While campaigning for president of Colombia, she was abducted and held hostage for more than six years. In her new book, Even Silence Has an End, Ingrid Betancourt measures the distance between fear and freedom.
I had made my decision to escape. This was my fourth attempt. After my last one the conditions of our captivity had become even more terrible. They had put us in a cage made of wooden boards, with a tin roof. I'd spotted a half-rotten board in one corner, and by pushing hard with my foot, I split it enough to make an opening. In principle, if you could get your skull through the slats, your body would follow. I squeezed through the bars of the fence at Parc Monceau while playing a game as a child. But were the proportions the same for an adult? I was all the more worried because although my companion Clara and I were terribly thin, I had noticed over the past few weeks a sort of swelling of our bodies, probably liquid retention from enforced immobility.

I had spent entire days plotting, preparing in detail the equipment for our expedition, giving importance to stupid things: "I'll have to figure out what to do about the boots. At night we always leave them in the same place, at the entrance to the cage. I'll have to start bringing them inside, so the guards get used to not seeing them anymore when we're asleep.... And we'll have to get hold of a machete. To protect ourselves from wild beasts and to clear our way through the vegetation. It will be almost impossible. They're on their guard. They haven't forgotten that we already managed to steal one when they were setting up the old camp.... Take scissors—they lend them to us from time to time. I have to think about food, too. We have to stock up without their realizing. And it all has to be wrapped in plastic, because we'll have to swim. It can't be too heavy, or we'll have difficulty making headway. And I must take my treasures: I can't possibly leave behind the photos of my children and the keys to my apartment."

I spent the day turning such questions over and over in my mind. Twenty times or more, I thought about our route once we were out of the cage. I tried to calculate all sorts of things: where the river must be, how many days it would take us until we could get help. I imagined the horror of an anaconda attacking us in the water, or an enormous caiman like the one whose red and shining eyes I had seen in the guard's flashlight when we were coming down the river. I saw myself wrestling with a jaguar; the guards had regaled us with a ferocious description. I thought of everything that might possibly frighten me, to prepare myself psychologically and be ready to respond. I had to know how to control my emotions. I'd decided that this time nothing would stop me.

I had given up sleeping, because I realized that my brain worked better in the quiet of the evening. I'd taken note of everything: what time the guards changed watch, where each one stood, who stayed awake, who fell asleep, who would report on the number of times we'd gotten up to pee....

I had also tried to prepare Clara for the effort the escape would require, the precautions to take, the noises we must avoid making. She listened to me in silence, exasperated, and would answer only to refuse or disagree. Our two previous escape attempts had sowed tension between us. We didn't talk much. Stuck together like Siamese twins who have nothing in common, we lived in opposite worlds: She was trying to adapt; I could only think of escape.

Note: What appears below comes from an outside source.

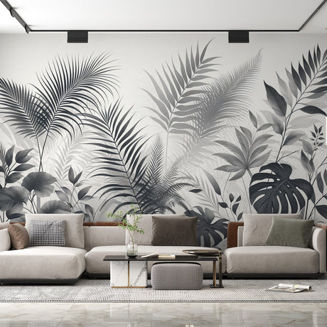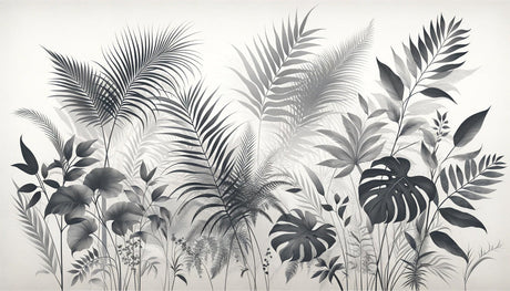 Papier Peint Mural Tropical | Paradis de la Jungle Noir et Blanc

I prayed to God to give me the strength to go through with it. "Tonight I shall be free."

From my previous attempts, I had learned that the best moment to slip away was at dusk, the hour when wolves look like dogs. In the jungle this meant precisely 6:15 P.M. During the few minutes while our eyes adjusted to the darkness and before night fell completely, we were all blind. That night, though, the opportune moment came and went and the expected storm had still not broken. The wind was blowing incessantly, but the thunder rumbled far away, and a certain tranquillity had returned to the camp. I touched Clara's arm; it was time to go.

I pulled away from Clara, smoothed my clothes, and lay down next to the hole in the rotten board. I put my head through with encouraging ease, and then my shoulders. I twisted to get my body through, felt stuck, then wriggled nervously to get one of my arms out. Once my arm was clear, I pushed. With the strength of my free hand, digging my nails into the ground, I managed to get my entire upper body out. I edged forward, painfully contorting my hips so that the rest of my body would slide sideways through the opening. At last I was out, and I jumped to my feet. I took two steps so that my companion could get out more easily. I bent down by the opening, calling to Clara so loudly this time that she must have heard me on the far side of the cage.

I stood up and was facing the dense jungle. The torrential rain had finally come. I would be alone outside. I had to be quick, leave right away. I checked to see if the rubber band holding my hair was still in place. I didn't want the guerrillas to find even the tiniest clue to the path I would take. I ran and ran, driven by an uncontrollable panic, avoiding trees instinctively, unable to see or hear or think, forging straight ahead until I was exhausted.